In the 2018 midterms, Democrats won more governors’ mansions and took more state houses than we’ve had for a decade. Now is the time to act boldly on the back of those wins. Though cities have been great laboratories of democracy thus far, we have to start expanding our scope to help everyone we can. It will be hard for people in rural areas to claim that a $15 minimum wage destroyed San Francisco and Seattle if they see the benefits that a $15 minimum wage brings to everyone in their own community.

The current field of Democratic presidential candidates, by the way, have thus far done a great job of talking about improving outcomes for all Americans. From Medicare for All to universal child care to student loan relief, Democrats are starting to discuss broadly popular plans that lift up all Americans. By sticking to that playbook, we’ll help to defang some of the anti-urbanist smears coming our way. The best way to win an election is to promise results that improve people’s lives. The best way to win over voters is to deliver on those promises, and to be unashamed to claim those victories as our own.

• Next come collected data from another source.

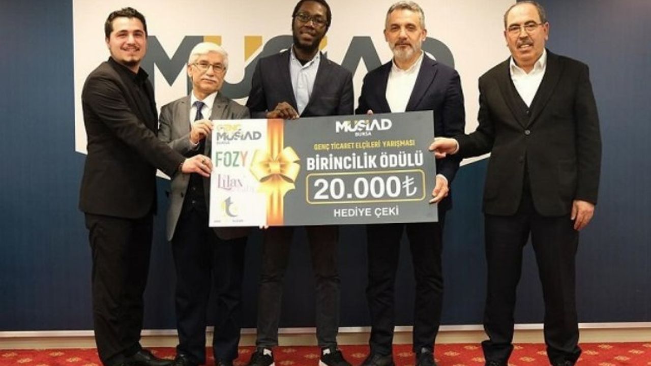 Türkiye'de eğitim gören uluslararası öğrenciler için dış ticaret eğitimi ve staj programını içeren 'Genç Ticaret Elçileri' projesi kapsamında düzenlenen ‘Ürün Pazarlama Simülasyonu Yarışması’ MÜSİAD Bursa Şubesi'nde gerçekleştirilen final programıyla sona erdi. Genç MÜSİAD Bursa tarafından organize edilen yarışma kapsamında, ödüller sahiplerini buldu.BURSA (İGFA) - Bursa'da eğitim gören yabancı uyruklu öğrencilerin mesleki ve kişisel gelişimlerini artırmak ve Müstakil Sanayici ve İşadamları Derneği (MÜSİAD) Bursa üyelerinin firmalarında istihdam edilmelerini sağlamak amacıyla başlatılan 'Genç Ticaret Elçileri' projesi kapsamında düzenlenen ‘Ürün Pazarlama Simülasyonu Yarışması’ final programı gerçekleştirildi. Bu yıl dördüncüsü düzenlenen yarışmaya 20'den fazla ülkeden 42 yarışmacı katıldı. Alanında uzman, girişimci ve profesyoneller tarafından verilen satış, pazarlama, işletme yönetimi, insan kaynakları, dış ticaret ve sunum teknikleri eğitimleri sonrasında gerçekleştirilen ön elemelere 13 öğrenci kalırken, ön elemeler sonrasında finale kalan dört öğrenci final etabında yaptıkları sunumlarla yarıştı. 2022 yılı Kuran-ı Kerim’i güzel okuma Bursa birincisi ve Marmara üçüncüsü Hafız Ufuk Genç’in Kuran-ı Kerim tilaveti ile başlayan final programına MÜSİAD Bursa Şubesi Yönetim Kurulu Başkanı Alparslan Şenocak, Sektör Kurulları Başkanı Halil Atalay, Bursa Teknik Üniversitesi (BTÜ) İnsan ve Toplum Bilimleri Fakültesi Dekanı Prof. Dr. Ahmet Zeki Ünal, Genç MÜSİAD Bursa Şubesi Başkanı Süleyman Nesih Çil ve MÜSİAD Bursa Şubesi üyeleri katıldı.
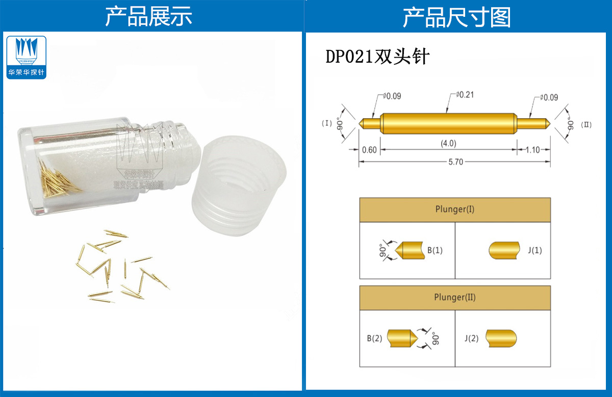 產(chǎn)品頭型:探針外徑為0.21mm,總長度為5.7mm
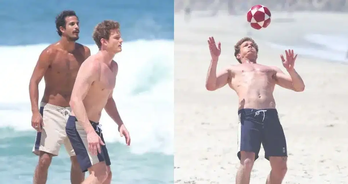 Pedro Novaes e Diogo Novaes, atores e irmãos, passaram a manhã de quarta-feira (17) na praia da Barra da Tijuca, no Rio de Janeiro. Eles jogaram altinha com outros banhistas.
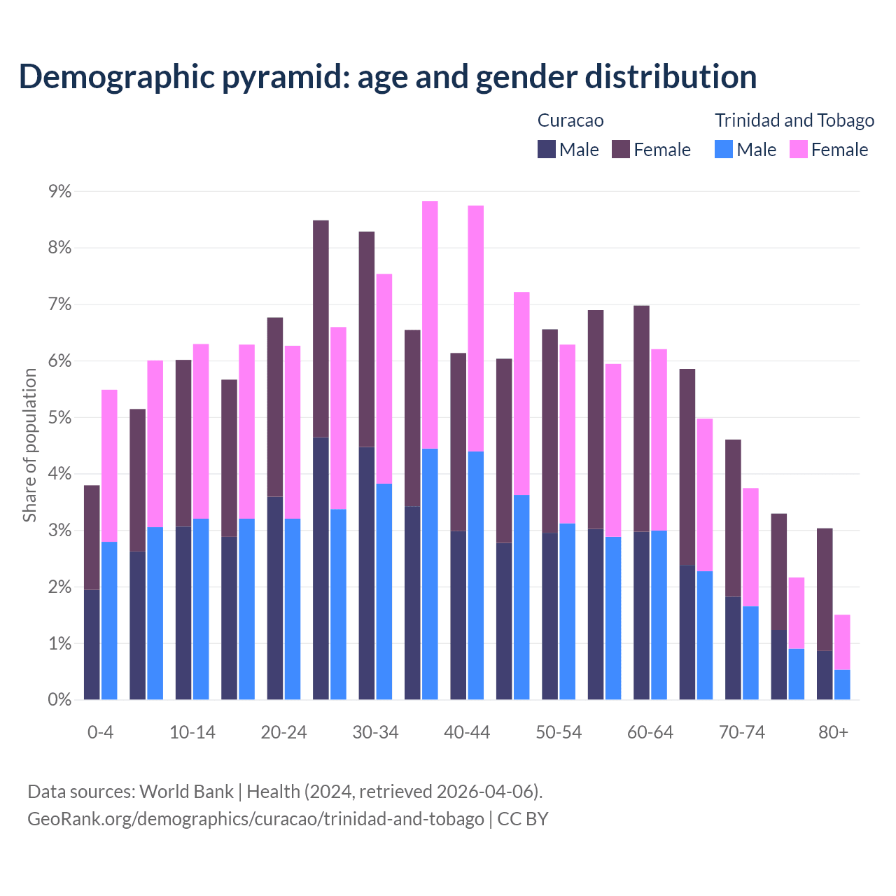 - Curacao is ranked 49/196 by median age (oldest to youngest) vs 58/196 for Trinidad and Tobago.
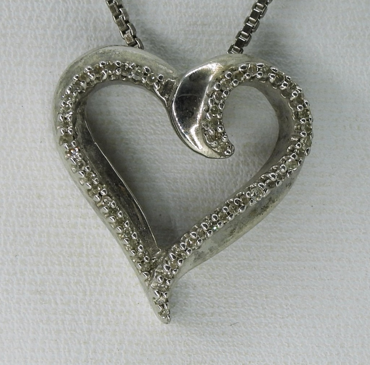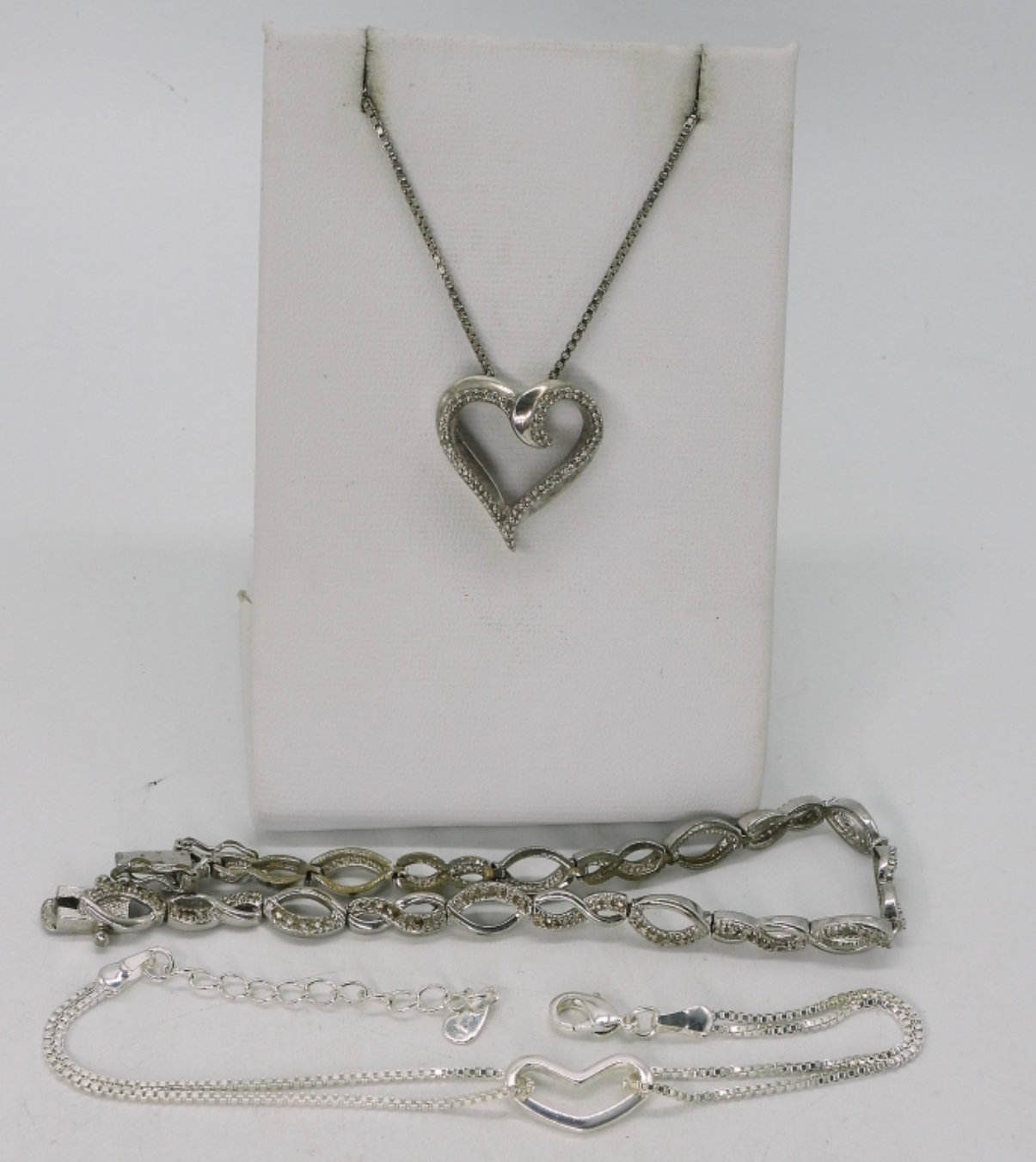 One sterling heart necklace with moissanite gemstones (tested), 18″ long. Two sterling bracelets, 7.5″. (11.4 dwt)
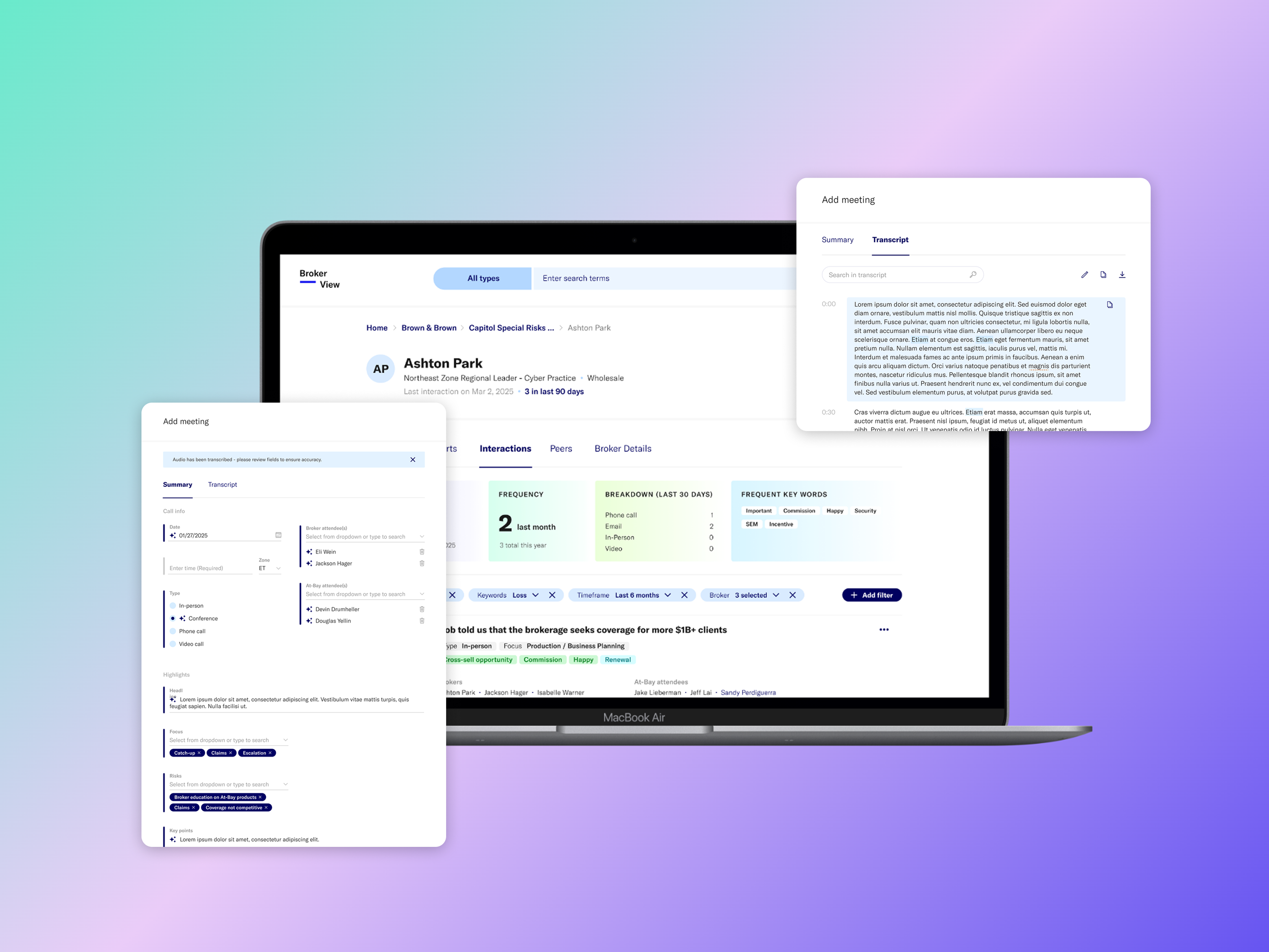 Designed an AI transcription feature that shifted how underwriters captured broker meeting notes — turning a lightweight note-taking tool into a richer data source that fed the broader broker intelligence platform.

It’s time for the Democratic Party to stop being solely the party of American cities and to start being the party of all America again. Republicans are only working to tear down our accomplishments because they have no agenda to promote, beyond the age-old trickle-down platform of tax cuts for the rich, low wages for workers, and deregulation for the powerful. If we can make a positive alternative case that serves all Americans, we win.